A boa educação dessa médica negra, contrasta com o total despreparo da médica que atendeu minha mãe no tal posto médico em uma das emergências que passei com ela. O vocabulário, a forma como atendia sem chegar junto a minha mãe, a forma como não se importava com as pessoas... Sim ela era branca! E não é uma característica própria dos brancos tratar mal gente preta, mas a maioria absoluta dos pacientes do subúrbio são negros... e aí, como não pensar em despreparo desse povo? Estou falando dos médicos!...

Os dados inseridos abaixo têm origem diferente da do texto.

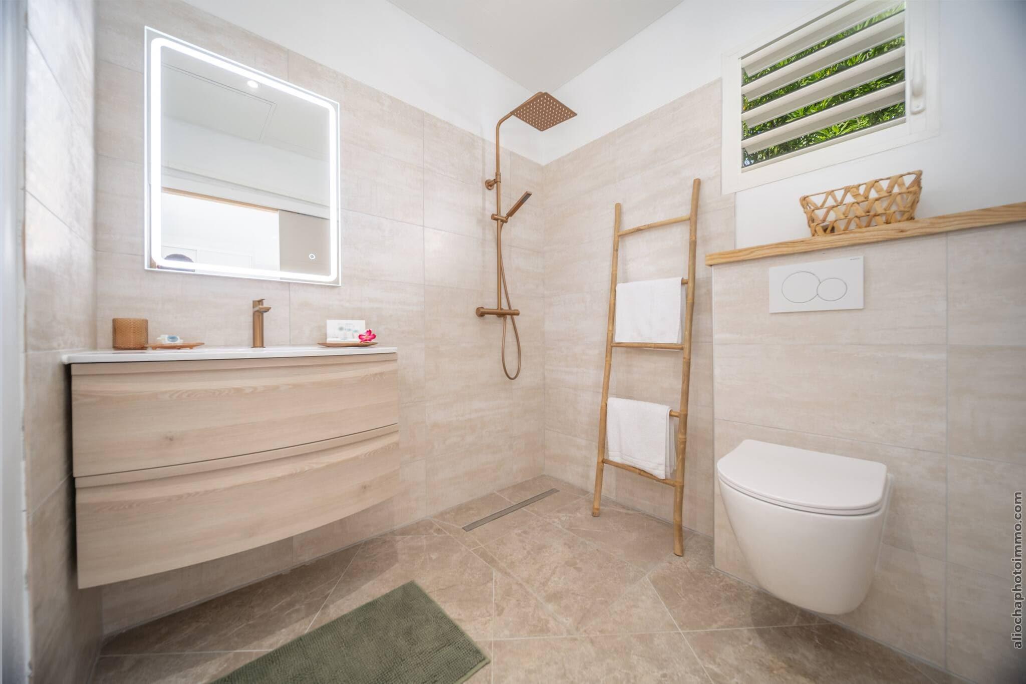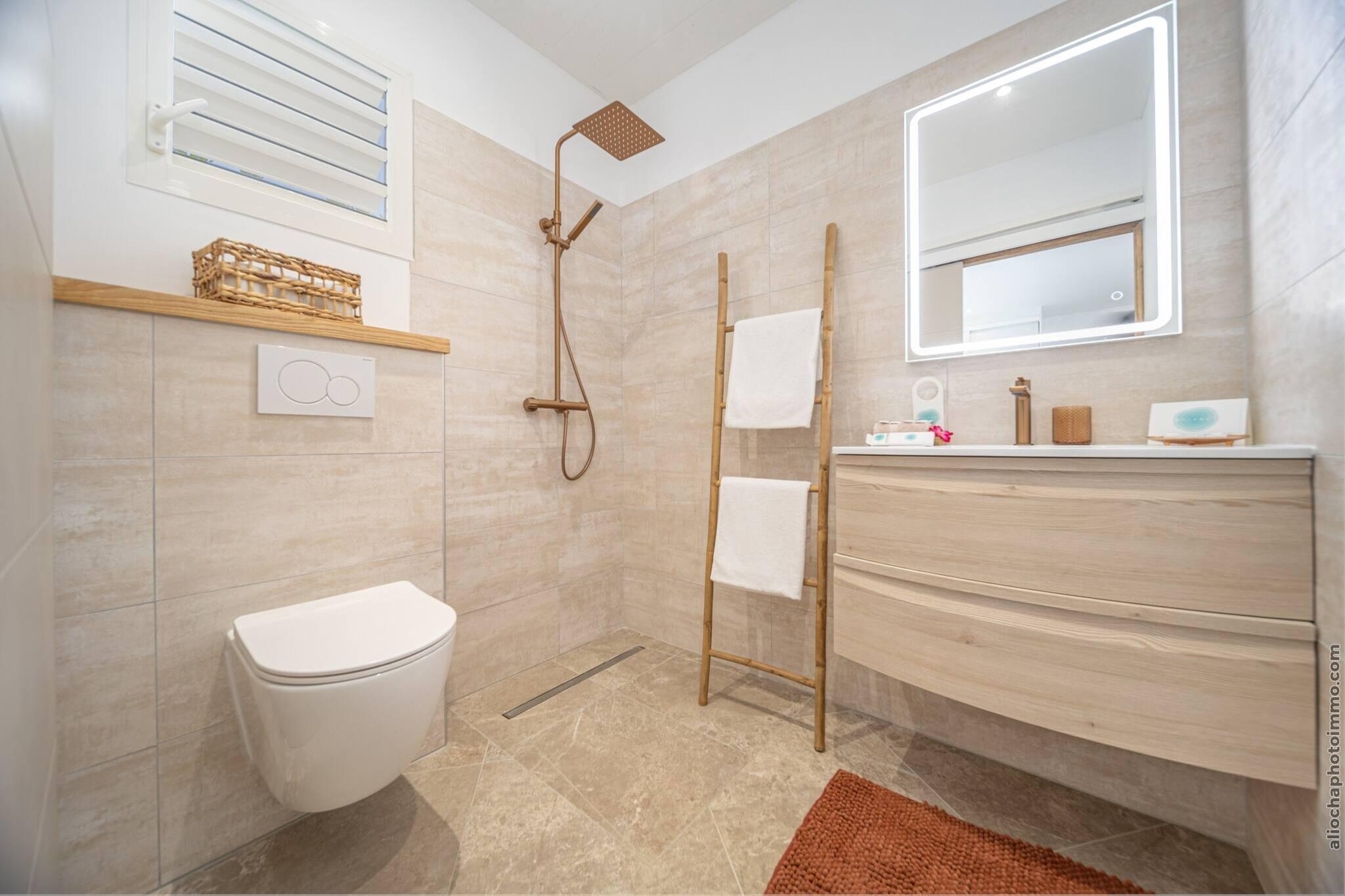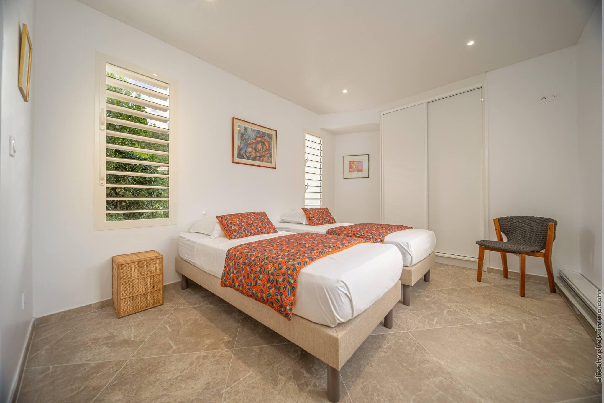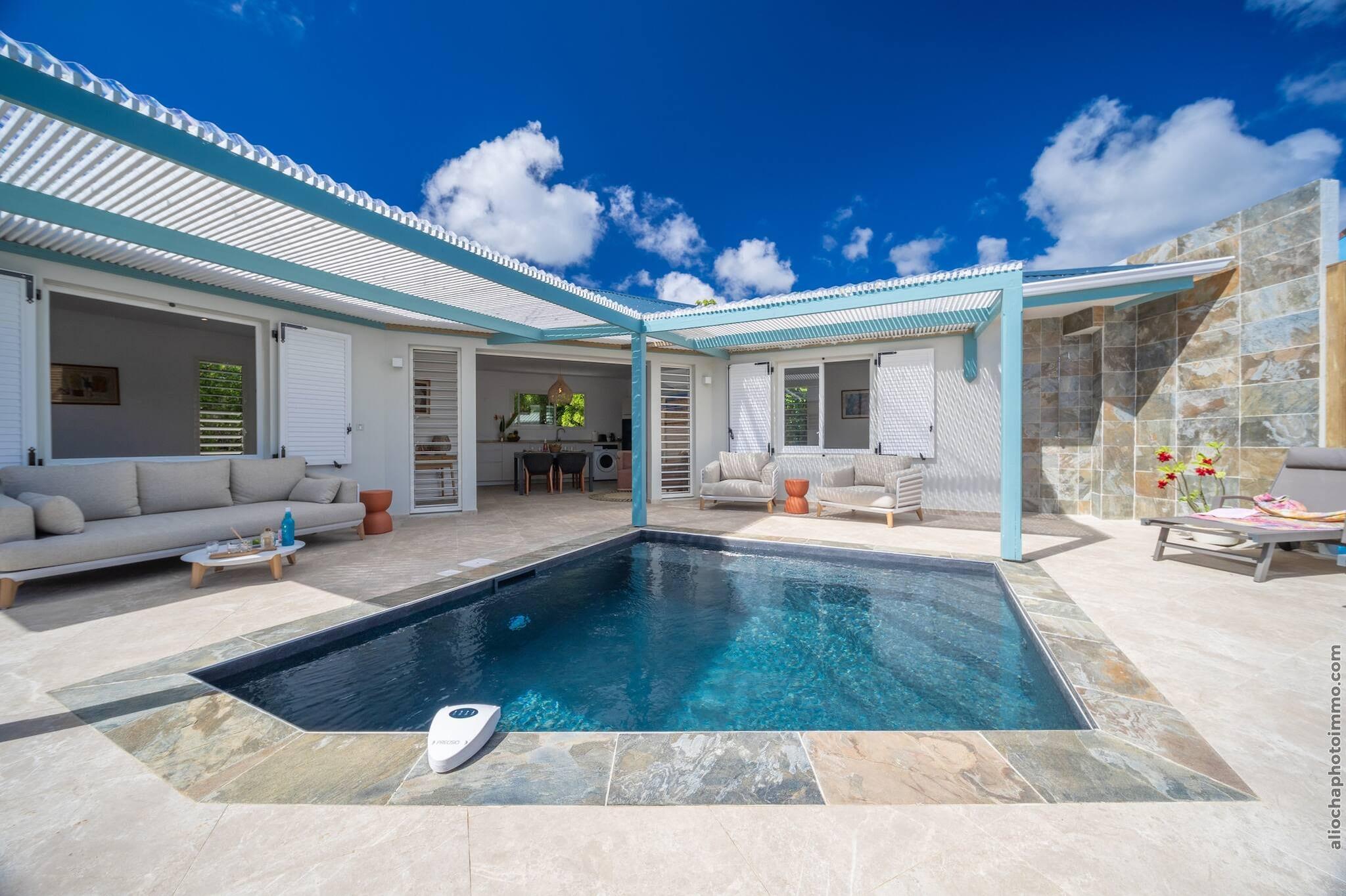 Flygt til denne fredfyldte villa, kun 5 minutter fra stranden, hvor komfort møder tropisk elegance. Med en privat pool, der glitrer i solen, en frodig have og flere udendørs loungeområder, er dette ophold skabt til afslapning. Indenfor har villaen en rummelig opholdsstue med satellit-tv, en hyggelig spiseplads og to soveværelser med aircondition, der komfortabelt rummer op til fire gæster. Det fuldt udstyrede åbne køkken inkluderer alt fra juicepresse og kaffemaskine til opvaskemaskine og køleskab med fryser - ideelt til længere ophold eller afslappede måltider derhjemme. To moderne badeværelser tilbyder bruseniche, hårtørrer og friske, veloplyste overflader. Uanset om du nipper til kaffe på balkonen eller nyder en grillfest i solnedgangen på terrassen, tilbyder denne villa den perfekte blanding af komfort og udendørs charme. Nyd højhastighedsinternet, privat parkering, en vaskemaskine og essentielle faciliteter for et problemfrit ophold. Beliggende i et roligt område, men tæt på havet, er det den perfekte base for at udforske de nærliggende strande, lokale markeder og spisesteder. Uanset om du ønsker at slappe af ved poolen eller dykke ned i kysteventyr, tilbyder denne villa en malerisk ø-oplevelse fra start til slut.
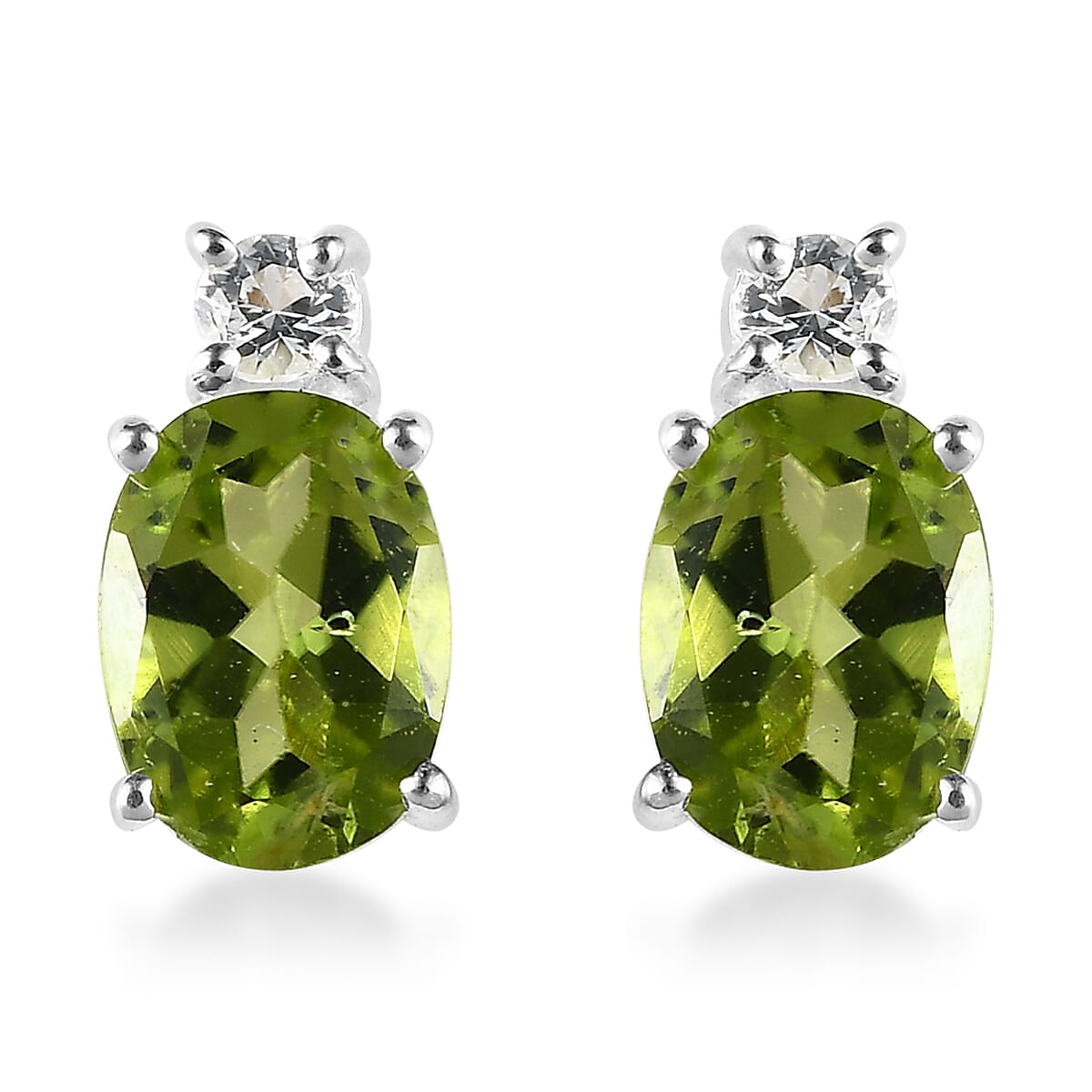 Peridot and White Topaz Stud Earrings in Sterling Silver with Stainless Steel Push 2.00 ctw

Quando passo para ir ao trabalho, vejo a  conversa dos estagiários médicos (quase todos brancos) e enfermeiros do posto. Que o povo é sujo, que eles não querem ficar no serviço publico, das noitadas do fim de semana e da nefasta obrigação do trabalho... Por isso o povo da minha rua se mata de trabalhar, mas no tal posto fazem um esforço ENORME para não ir...
E quinto: pessoas velhas transformam o pouco ou muito carinho que você entregar a elas em um tesouro formidável. Muitos deles são abafados em todos os lugares que estão. São lentos sim, se pensam diferente, o corpo é outro ué, mesmo as vezes pertencendo a chamada terceira idade ativa. Nosso mundo não se acostumou com a ideia que um dia vai envelhecer. E sai atropelando tudo e todos diferentes a eles. Por isso, um que construa um sorriso sincero, uma ajuda na rua, ao abrir uma porta pesada, a pegar algo do chão, a tentar parar o carro pra mesmo, em sinal aberto, deixar o senhor ou senhora passar... Eles vão transformar vc em herói do dia! E ajudar esse povo é legal! Sim, alguns deles são rabugentos rsrsrsrs, mas fazer o que né?! Idosos são gente com defeitos e qualidades, não vá pensando que os defeitos somem conforme a idade avança...
Essas percepções me chocam. Nosso mundo é acelerado demais, injusto demais, frio demais, louco demais... E os velhos como estão nesse mundo tão rápido? E os velhos negros? Por que se o racismo não te atingiu "ainda" uma hora você pode acordar... Mesmo que seja depois de velho... Se tem uma chance de começar a cuidar de sua velhice, como ouvia minha mãe dizendo anos atrás, faça desde agora Porque o futuro pra quem é preto e pobre, ou pra quem é simplesmente preto não é nada fácil... Mas juntos ficamos mais fortes! Um confortando o outro. Pois velhice não é atraso. É persistência, é guerrilha, é história... é AMOR!